== DATA UNDER STUDY

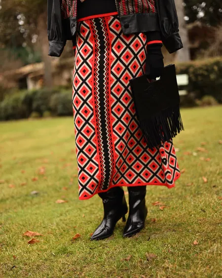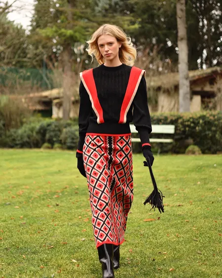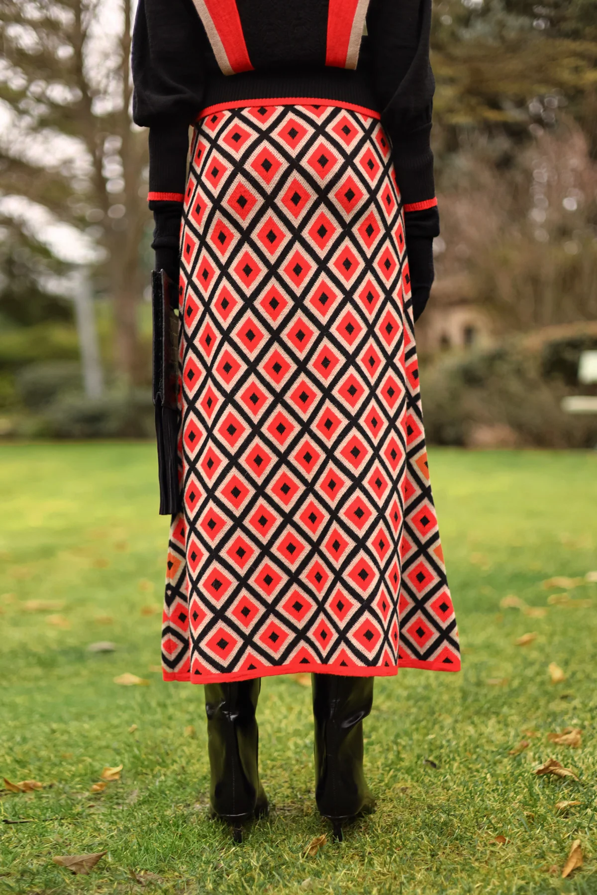 La Falda Anna es una pieza llena de carácter y estilo. Con un llamativo estampado geométrico en tonos coral, negro y beige, esta falda larga aporta un toque étnico y contemporáneo al armario de otoño-invierno. Su diseño recto y ligeramente evasé al final favorece la silueta, mientras que el tejido de punto grueso asegura comodidad y calidez.
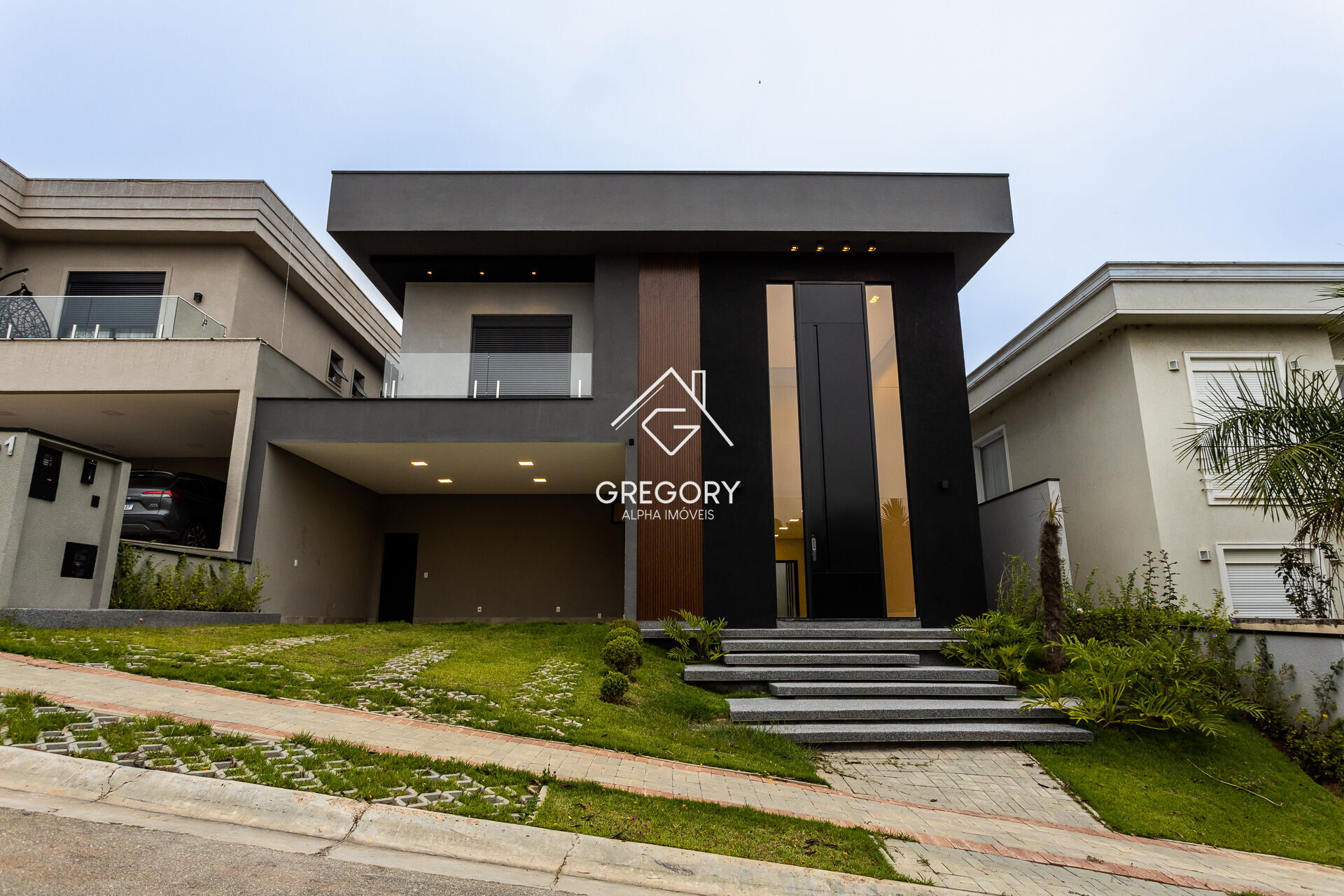 05 Suítes sendo uma master com closet e sala de banho com hidro. No pavimento térreo as Salas de Estar e Jantar são integradas com cozinha Americana com ilha quente e espaço gourmet. Um lavabo e um banheiro completo para atender o espaço de lazer externo. Piscina com prainha integrada com Sauna a vapor (Úmida). Casa 100% iluminada em LED (áreas internas e externas). Garagem para 04 carros (02 cobertos); Lavanderia coberta; Despensa; Corredores laterais e Amplo quintal. Porta de entrada imponente e pivotante com 6 metros de altura equipada com fechadura eletrônica e revestida em ACM. Porta de entrada da garagem pivotante com fechadura eletrônica e revestida em alumínio e vidro; Revestimento em madeira maciça (cumaru) no pavimento superior; Todos os pisos internos e externo são em Porcelanato da marca Elizabeth Revestimentos. A dimensão dos porcelanatos das salas, cozinha e área gourmet é de 1,20x1,2. Na Sala de banho master o porcelanato é de 1,00x 1,00 e demais ambientes é de 0,84x0,84.
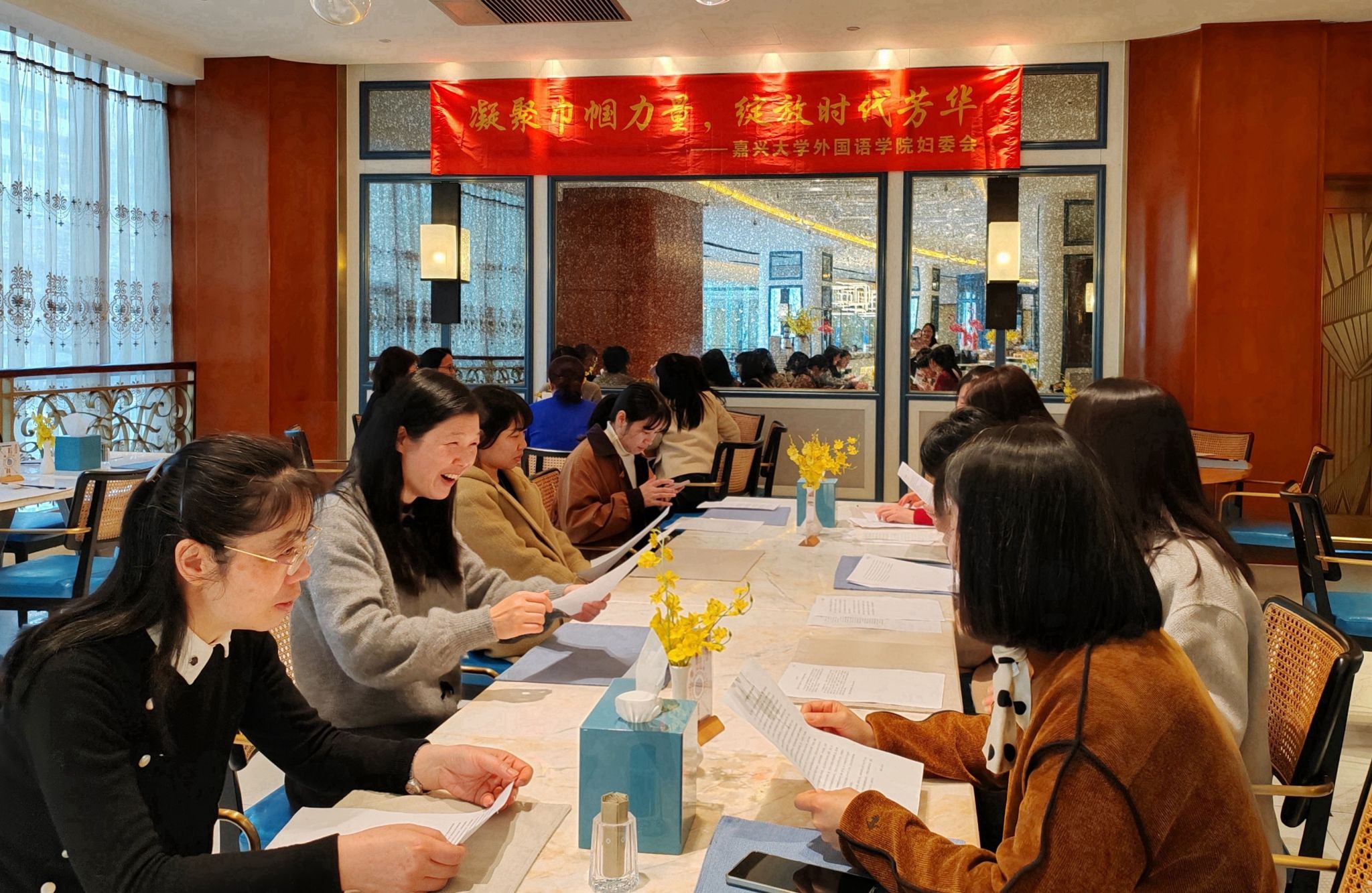 3月20日周四下午,同人漫画 全院女教职工齐聚一堂,举行“书香巾帼·廉心致远”三八妇女节主题活动,以读书分享会的形式,建立交流平台,激发思想碰撞,展现外院教师智慧与风采。活动由同人漫画 工会和妇委会联合组织。
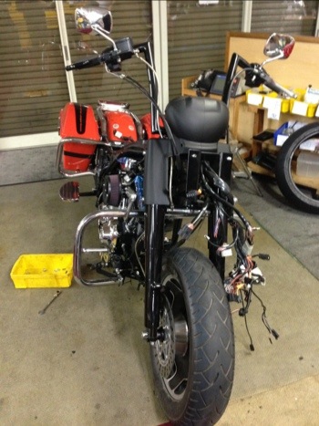 ツアラーへドラッグバーを取り付けてイメージを掴む。ツアラーへドラッグバーも新鮮でよろしゅ御座いますがこの姿勢では時速300キロは微妙だろうと思いますが気分を盛り上げる為にも大事なんです。
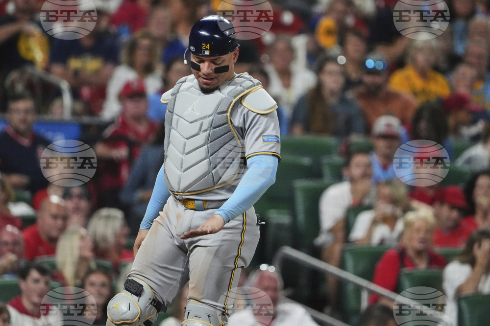 Milwaukee Brewers catcher William Contreras, left, throws his mask after injuring his hand during the seventh inning of a baseball game against the St. Louis Cardinals Saturday, Sept. 20, 2025, in St. Louis. (AP Photo/Jeff Roberson)
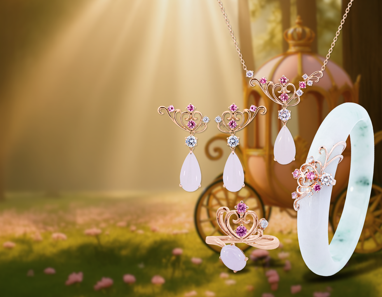 Inspired by the timeless elegance of Cinderella’s carriage, the Evora Collection is a romantic tribute to brides who dream of a magical beginning and a love that lasts forever. Designed with subtle fairytale symbolism, each piece features delicate curves, enchanting pink sapphires, and brilliant lab-grown diamonds — capturing the soft glow of true love. More than just wedding jewelry, Evora is crafted to be cherished and passed down, telling a love story that lives on through generations.
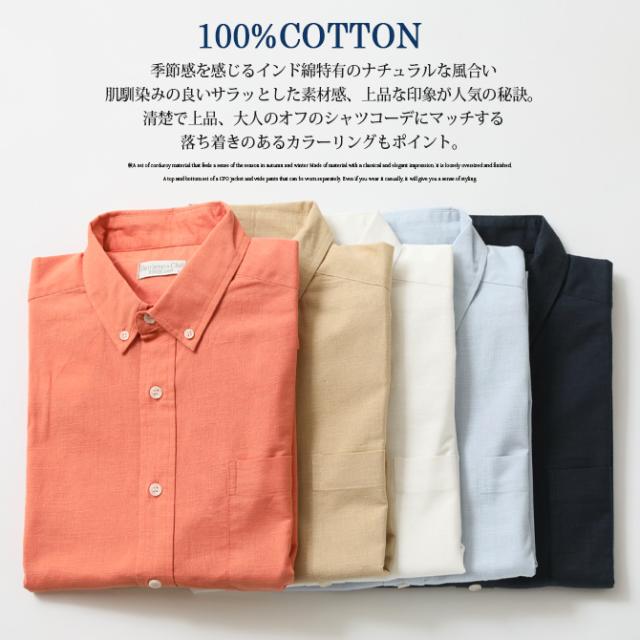 半袖シャツ メンズ 夏 ボタンダウンシャツ インド綿100% コットンシャツ 半端袖シャツ 無地シャツ 白シャツ
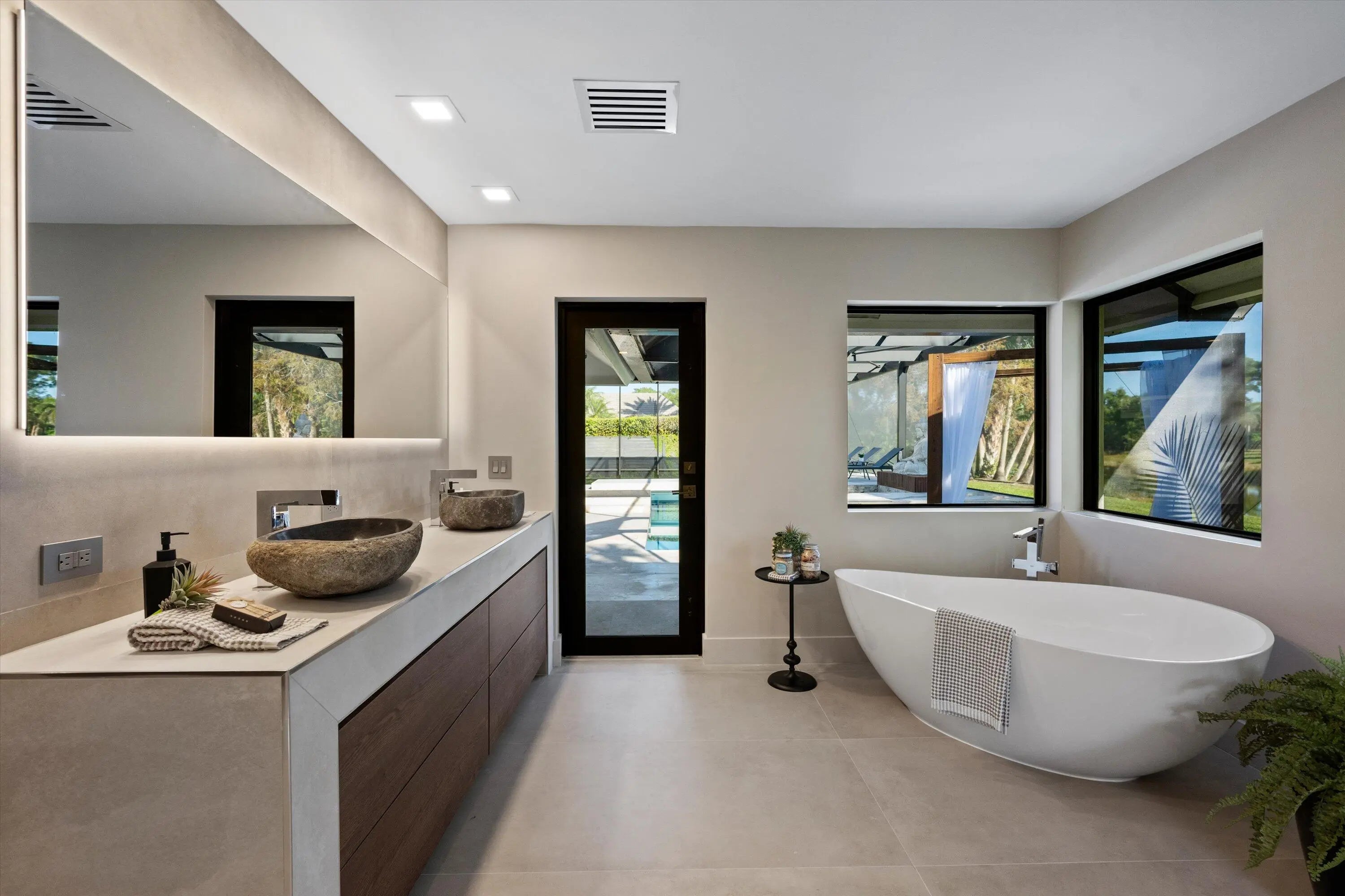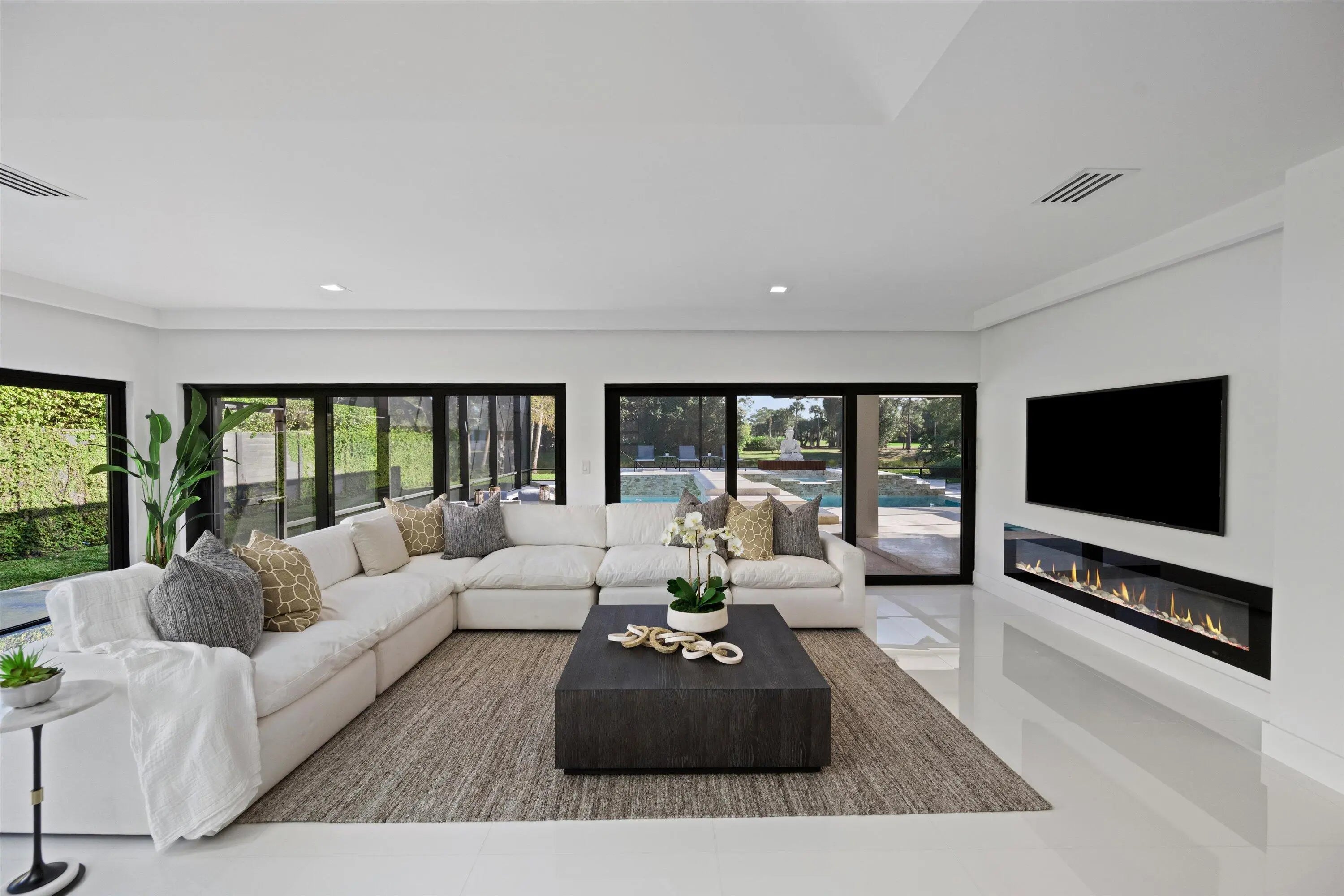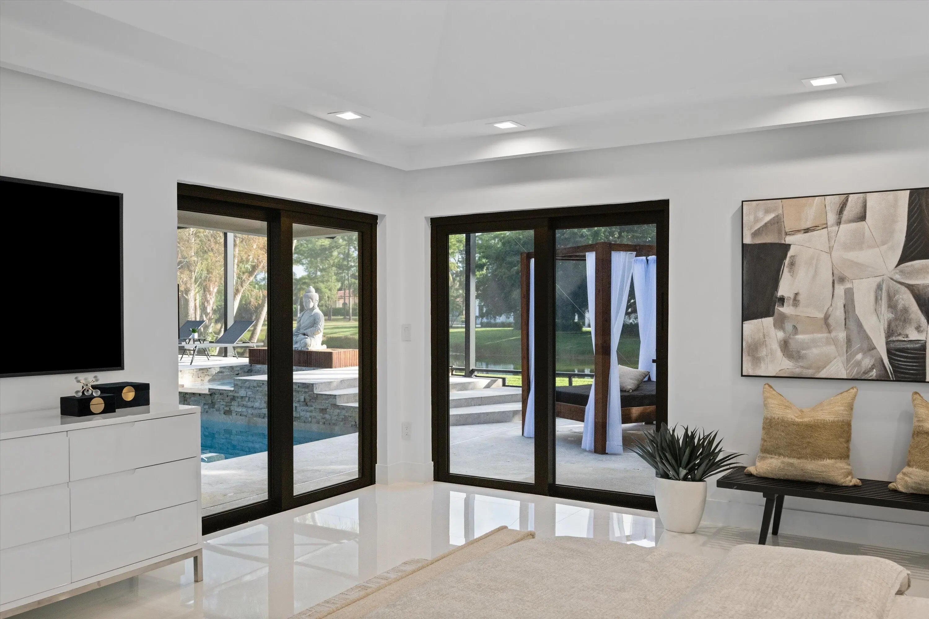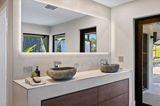 This one of a kind custom estate home in Breakers West Country Club in West Palm Beach is perfect blend of clean architectural lines, premium finishes and exceptional craftsmanship. This immaculate home boasts 4 Bedrooms + separate Office, 4 Full Baths and 2-Car + Golf Cart garage. Situated 0.55 acre lot, the design takes in the scenic lake and golf course views beyond. Thoughtfully renovated over the past 5 years this sophisticated, warm modern home features custom European cabinetry and Italian tile flooring throughout. The outdoor entertaining space reflects the same clean aesthetic with new Clear View screen enclosure, modern travertine patio deck, raised spa with waterfall overflowing into the pool and the tasteful Buddha sculpture as the focal point in your modern Florida retreat. Additional important features include: Commercial grade hurricane impact windows and doors (2021); New clay tile roof and new commercial grade flat roof, both with transferable warranty (2019); Pool/patio/screen remodel (2019-2021); Smart Home doorbell, smoke detectors and thermostats (2022); Water Heater (2023). And so much more!! Breakers West is a unique country club community where club memberships are NOT mandatory. Residents have the choice of Golf or Sport/Social memberships at Breakers West which includes golf at the Breakers West Rees Jones Course, tennis, pickleball, pool, gym, Kid's Club with playground as well as use of The Breakers Beach Club and Rees Jones Ocean Course in Palm Beach in the summer months. Also located within the community is Mayacoo Lakes Country Club with its renowned golf course, tennis facilities, pool and clubhouse dining with memberships available for separate purchase. Breakers West offers an unparalleled lifestyle within its 670 acres of wooded landscapes, manicured lawns, and two manned guard gates. Is conveniently located to PBI Airport, downtown West Palm Beach's new "financial district" and over the bridge to Palm Beach with its fabulous dining options and Worth Avenue shopping. Also convenient to Wellington's world-class equestrian amenities. Great private schools in West Palm Beach are nearby such as Oxbridge Academy, The King's Academy, and Rosarian Academy.

====

◆ **PROBLEM REQUIREMENTS**
When you retype the material above, copy each line exactly and drop whatever images appear in it.

◆ **TASK OUTPUT**
 La Falda Anna es una pieza llena de carácter y estilo. Con un llamativo estampado geométrico en tonos coral, negro y beige, esta falda larga aporta un toque étnico y contemporáneo al armario de otoño-invierno. Su diseño recto y ligeramente evasé al final favorece la silueta, mientras que el tejido de punto grueso asegura comodidad y calidez.
 05 Suítes sendo uma master com closet e sala de banho com hidro. No pavimento térreo as Salas de Estar e Jantar são integradas com cozinha Americana com ilha quente e espaço gourmet. Um lavabo e um banheiro completo para atender o espaço de lazer externo. Piscina com prainha integrada com Sauna a vapor (Úmida). Casa 100% iluminada em LED (áreas internas e externas). Garagem para 04 carros (02 cobertos); Lavanderia coberta; Despensa; Corredores laterais e Amplo quintal. Porta de entrada imponente e pivotante com 6 metros de altura equipada com fechadura eletrônica e revestida em ACM. Porta de entrada da garagem pivotante com fechadura eletrônica e revestida em alumínio e vidro; Revestimento em madeira maciça (cumaru) no pavimento superior; Todos os pisos internos e externo são em Porcelanato da marca Elizabeth Revestimentos. A dimensão dos porcelanatos das salas, cozinha e área gourmet é de 1,20x1,2. Na Sala de banho master o porcelanato é de 1,00x 1,00 e demais ambientes é de 0,84x0,84.
 3月20日周四下午,同人漫画 全院女教职工齐聚一堂,举行“书香巾帼·廉心致远”三八妇女节主题活动,以读书分享会的形式,建立交流平台,激发思想碰撞,展现外院教师智慧与风采。活动由同人漫画 工会和妇委会联合组织。
 ツアラーへドラッグバーを取り付けてイメージを掴む。ツアラーへドラッグバーも新鮮でよろしゅ御座いますがこの姿勢では時速300キロは微妙だろうと思いますが気分を盛り上げる為にも大事なんです。
 Milwaukee Brewers catcher William Contreras, left, throws his mask after injuring his hand during the seventh inning of a baseball game against the St. Louis Cardinals Saturday, Sept. 20, 2025, in St. Louis. (AP Photo/Jeff Roberson)
 Inspired by the timeless elegance of Cinderella’s carriage, the Evora Collection is a romantic tribute to brides who dream of a magical beginning and a love that lasts forever. Designed with subtle fairytale symbolism, each piece features delicate curves, enchanting pink sapphires, and brilliant lab-grown diamonds — capturing the soft glow of true love. More than just wedding jewelry, Evora is crafted to be cherished and passed down, telling a love story that lives on through generations.
 半袖シャツ メンズ 夏 ボタンダウンシャツ インド綿100% コットンシャツ 半端袖シャツ 無地シャツ 白シャツ
 This one of a kind custom estate home in Breakers West Country Club in West Palm Beach is perfect blend of clean architectural lines, premium finishes and exceptional craftsmanship. This immaculate home boasts 4 Bedrooms + separate Office, 4 Full Baths and 2-Car + Golf Cart garage. Situated 0.55 acre lot, the design takes in the scenic lake and golf course views beyond. Thoughtfully renovated over the past 5 years this sophisticated, warm modern home features custom European cabinetry and Italian tile flooring throughout. The outdoor entertaining space reflects the same clean aesthetic with new Clear View screen enclosure, modern travertine patio deck, raised spa with waterfall overflowing into the pool and the tasteful Buddha sculpture as the focal point in your modern Florida retreat. Additional important features include: Commercial grade hurricane impact windows and doors (2021); New clay tile roof and new commercial grade flat roof, both with transferable warranty (2019); Pool/patio/screen remodel (2019-2021); Smart Home doorbell, smoke detectors and thermostats (2022); Water Heater (2023). And so much more!! Breakers West is a unique country club community where club memberships are NOT mandatory. Residents have the choice of Golf or Sport/Social memberships at Breakers West which includes golf at the Breakers West Rees Jones Course, tennis, pickleball, pool, gym, Kid's Club with playground as well as use of The Breakers Beach Club and Rees Jones Ocean Course in Palm Beach in the summer months. Also located within the community is Mayacoo Lakes Country Club with its renowned golf course, tennis facilities, pool and clubhouse dining with memberships available for separate purchase. Breakers West offers an unparalleled lifestyle within its 670 acres of wooded landscapes, manicured lawns, and two manned guard gates. Is conveniently located to PBI Airport, downtown West Palm Beach's new "financial district" and over the bridge to Palm Beach with its fabulous dining options and Worth Avenue shopping. Also convenient to Wellington's world-class equestrian amenities. Great private schools in West Palm Beach are nearby such as Oxbridge Academy, The King's Academy, and Rosarian Academy.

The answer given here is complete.